The method according to claim 1,
The methylpyrrolidone composition is characterized in that it contains 0.1 to 10.0% by weight relative to the total composition.
The method according to claim 1,
The ethyl alcohol is a composition, characterized in that containing 2.0 to 20.0% by weight relative to the total composition.
The method according to claim 1,
The low toxicity photo moth extract is a composition characterized in that it contains 0.001 to 30% by weight relative to the total composition.
The method according to claim 1,
The hydrophilic skin improvement material is a composition, characterized in that it contains 0.001 to 30% by weight relative to the total composition.

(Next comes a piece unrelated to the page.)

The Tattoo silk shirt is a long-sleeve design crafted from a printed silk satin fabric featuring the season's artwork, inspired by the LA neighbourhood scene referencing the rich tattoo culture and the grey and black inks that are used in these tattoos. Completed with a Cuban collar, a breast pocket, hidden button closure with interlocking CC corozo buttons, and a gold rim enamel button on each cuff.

The method according to claim 1,
The composition of claim 1, wherein at least one of the reduced pressure concentration step and the freeze-drying step is added after the extract preparation step.
The method according to claim 1,
Wherein b) after the solvent fractionation step, the composition characterized in that the addition of one or more of the reduced pressure concentration process and lyophilization process.
The method according to claim 1,
The b) solvent fractionation process is characterized in that to remove the low-polar solvent layer after mixing and dispersing, standing still by adding a high polar solvent to the prepared Maban extract and then mixed with a low polar solvent.
delete delete delete The method according to claim 1,
The composition of the high polar solvent and the low polar solvent when mixing and dispersing the high-polar solvent: low polar solvent is a volume ratio of 1: 5 to 3: 1.
The method according to claim 1,
The hat band is a composition characterized in that the ball head bead hat.